Understanding Streaming LLM APIs: A Deep Dive into Server-Sent Events and HTTP POST Requests

Tools & Engineering

The Engineer

27 Sept 2024 · 2 min read

Explore the technical intricacies behind streaming Large Language Model APIs, focusing on server-sent events and HTTP POST requests, and learn how real-time communication powers interactive AI applications.
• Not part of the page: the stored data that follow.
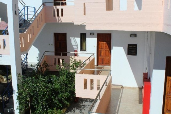 A mozgalmasabb Ag. Marina településen elhelyezkedő, családi irányítású, háromszintes (lépcsős) apartmanház. A 16 szobás épület elhelyezkedése kitűnő, hiszen a tengerparttól kb. 50 méterre található, melyre a kertjén keresztül lehet lejutni. A stúdiók a régebbi épületben helyezkednek el.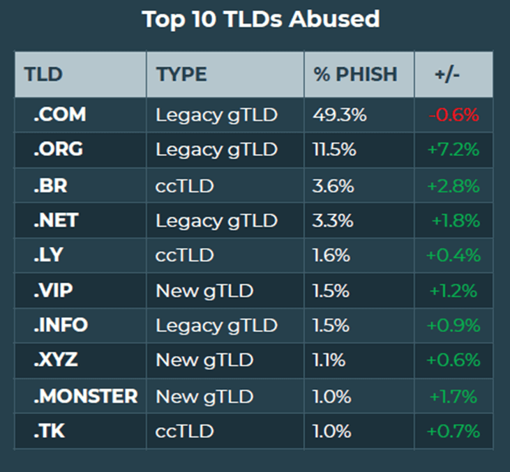 66% of phishing sites were staged on legacy generic Top-Level Domains (gTLDs), which contributed to almost half of all domain abuse phishing activity.  Of course, these dizzying numbers are more easily understood in the chart from the report.
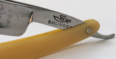 (Честно говоря, у меня нет идей по поводу того, что написано на обратной стороне.Какое отношение имеет немецкий Золинген в происхождении данной модели бритвы, не знаю.Ничего подобного за много лет наблюдения и общения с бритвами у меня не было.Судя по пинам похоже на немецкие, но в остальном все японское.В любом случае, бритва высококачественная и приехала из Японии).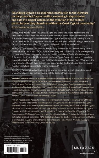 Spring 2008 witnessed the first positive signs of a thaw in relations between the two sides of the divided island of Cyprus since the dramatic failure of the Annan Plan in 2004. The historic meeting of the Greek and Turkish Cypriot leaders and the symbolic opening of the Ledra Street border crossing in the heart of Nicosia may herald a bright new future for this Mediterranean island. Yet Cyprus has been in this situation before. What makes this new initiative different and why should it succeed where so many others have failed? Reunifying Cyprus is the first book to analyse fully the reasons for the continuing failure to re-unite the two states of Cyprus after over forty years of division. It focuses especially on the Annan Plan - the popular name for the UN initiative to find a a??Comprehensive Solution to the Cyprus Problema?? in anticipation of Cyprusa?? accession to the EU - and the reasons for its ultimate failure. How did Cypriots receive the Annan Plan? What were the real or imagined flaws? Was this a missed opportunity? And what place does the Annan Plan have in future blueprints to reunify the island? Reunifying Cyprus will be invaluable for anyone interested in conflict resolution and international politics as well as students of the Eastern Mediterranean.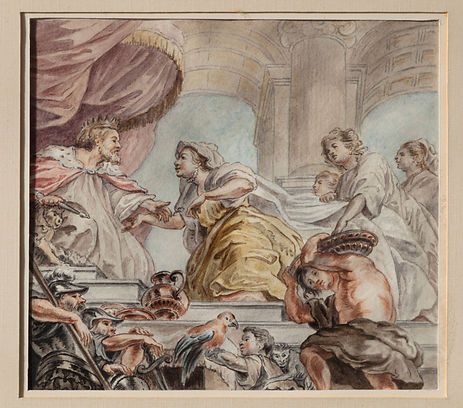 Parmi la binarité des associations typologiques, certaines paires étaient déjà bien connues et commentées dans la tradition exégétique depuis la fin du Moyen âge, voire déjà dans les écrits des Pères de l’Église. C’est le cas de Salomon et la reine de Saba mis en parallèle avec L’Adoration des Mages : la visite de la reine de Saba, qui venait de l’Est portant des cadeaux pour le roi Salomon, préfigure ainsi les offrandes apportées au Christ Enfant par les rois – le trône de Salomon signifiant qui plus est la Vierge Marie, sur les genoux de laquelle était assis Jésus.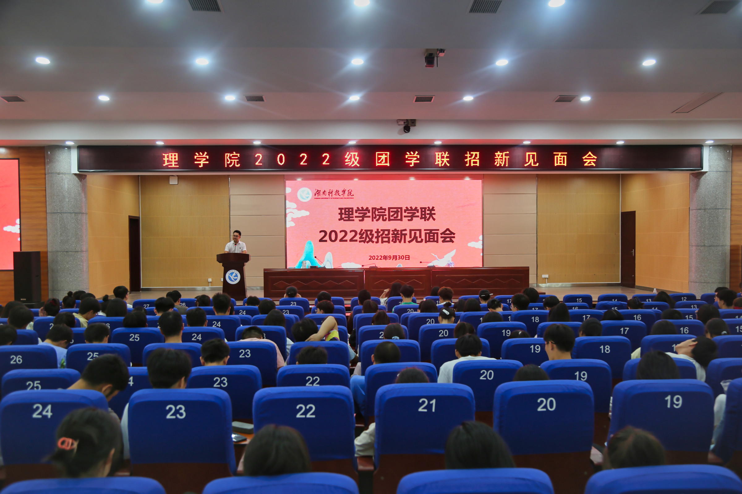 本网讯(通讯员 罗宗爱)9月30日,理学院2022级新生团学联招新大会在潇湘大讲堂举行,党总支副书记副院长欧阳素勤、团总支书记杜俊杰、各年级辅导员出席大会,全体2022级学生、上届学生干部参加,由学生会主席周佳怡主持。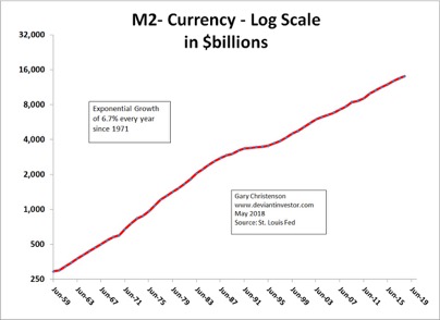 Die St. Louis Federal Reserve veröffentlichte Daten zur Geldmenge M2, einem Maßstab der sich in Umlauf befindenden Währung. Die Zahlen der letzten 50 Jahre zeigen, dass M2 exponentiell zu etwa jährlichen 6,7% seit 1971 gewachsen ist (gerade Linie in einem logarithmischen Graphen). Die Wirtschaft ist viel langsamer gewachsen.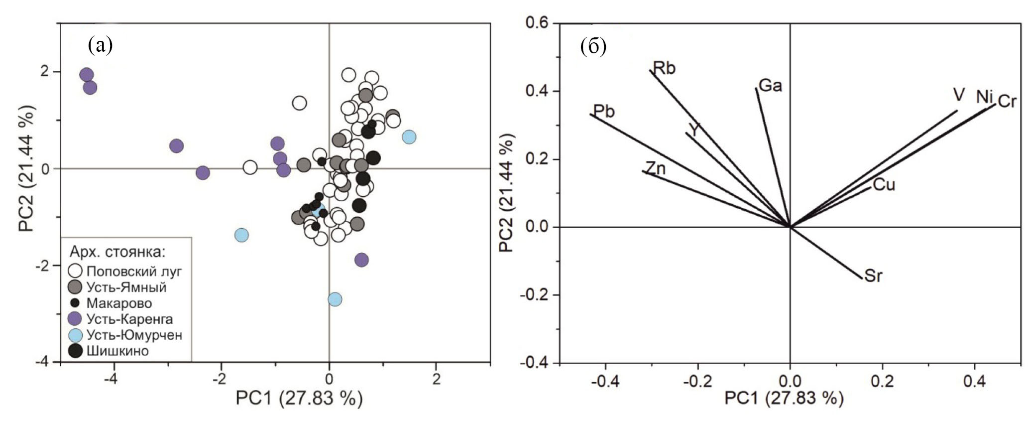 Рис. 1. Графики счетов (а) и нагрузок (б), рассчитанные для химического состава образцов керамики по археологической стоянке методом главных компонент.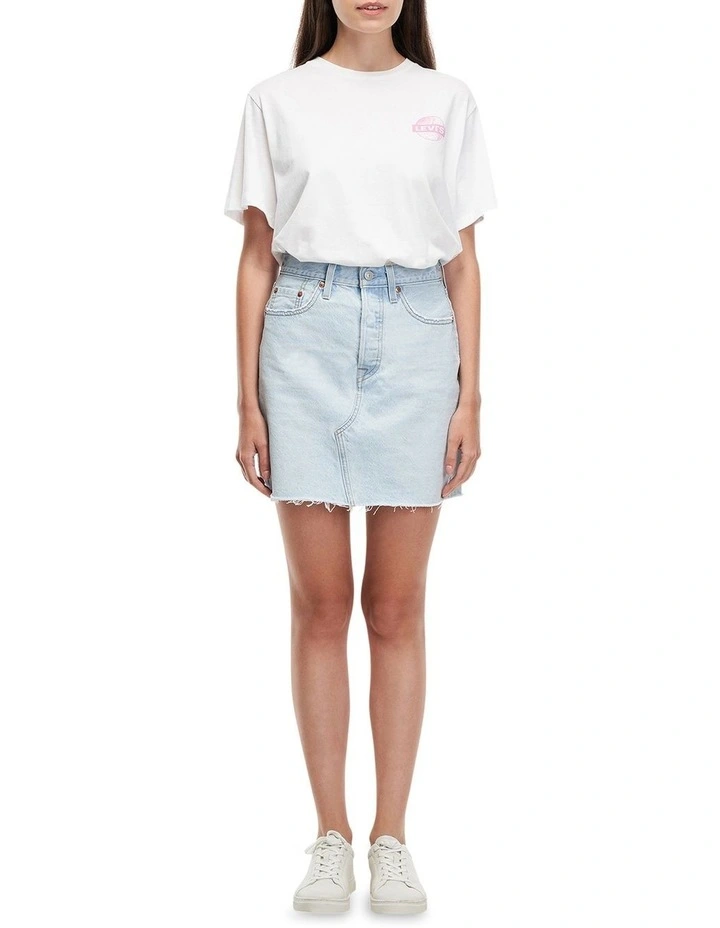 The classic mini skirt, altered to perfection, For an effortlessly cool-girl look, all you need is this classic high-waisted mini skirt. Designed in a flattering high rise with a versatile length you can wear all year long, edgy frayed hem, iconic leather patch at back waist.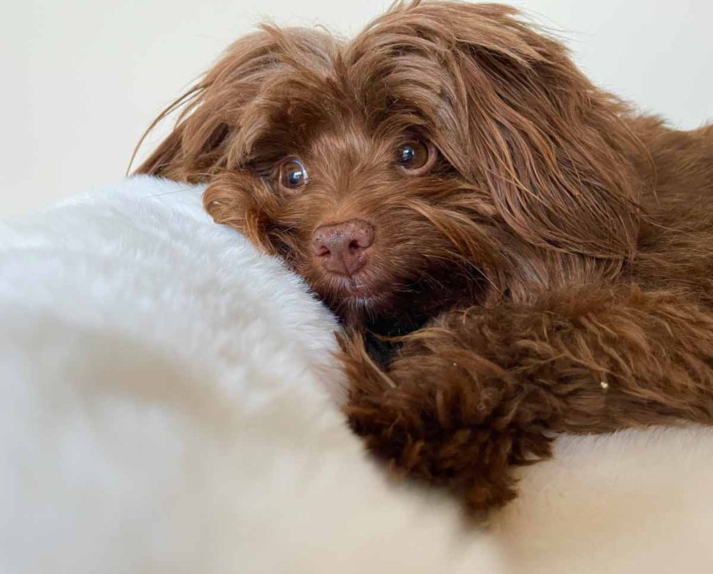 A pristine ivory faux fur blanket from The Stylish Dog Company. The Softee texture is one of their gentlest — perfect for puppies and anxious dogs who need calming comfort. A beautiful, clean look for any home. Handmade in the UK.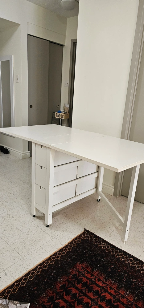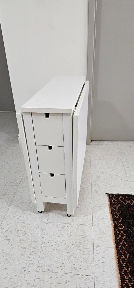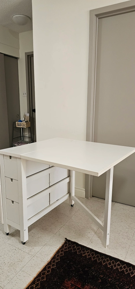 1000+Selling a versatile IKEA Norden extendable table in white! It features convenient drawers for storage and its extendable design makes it perfect for small spaces or accommodating guests. The table is in good condition and ready for a new home. Great for crafting, dining, or as a workspace!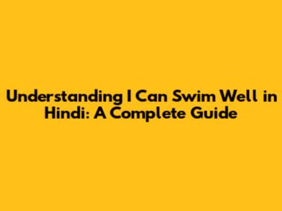 Understanding I Can Swim Well In Hindi: A Complete Guide

If you've been diving into the world of Large Language Models (LLMs), you might have noticed that many hosted LLM providers offer streaming APIs. These APIs allow for real-time data transmission, which is crucial for applications like chatbots or interactive systems where immediate responses are essential. In this article, we’ll explore how these streaming APIs work under the hood and provide a practical example using OpenAI’s GPT-4o Mini.

The General Pattern

Most of the LLM providers I looked at follow a similar pattern when it comes to their HTTP streaming APIs. They return data with a content-type: text/event-stream header, which aligns with the server-sent events (SSE) mechanism. The data is streamed in blocks separated by \r\n\r\n, and each block contains a data: line with JSON content. Some providers, like Anthropic, also include an event: line to specify the event type.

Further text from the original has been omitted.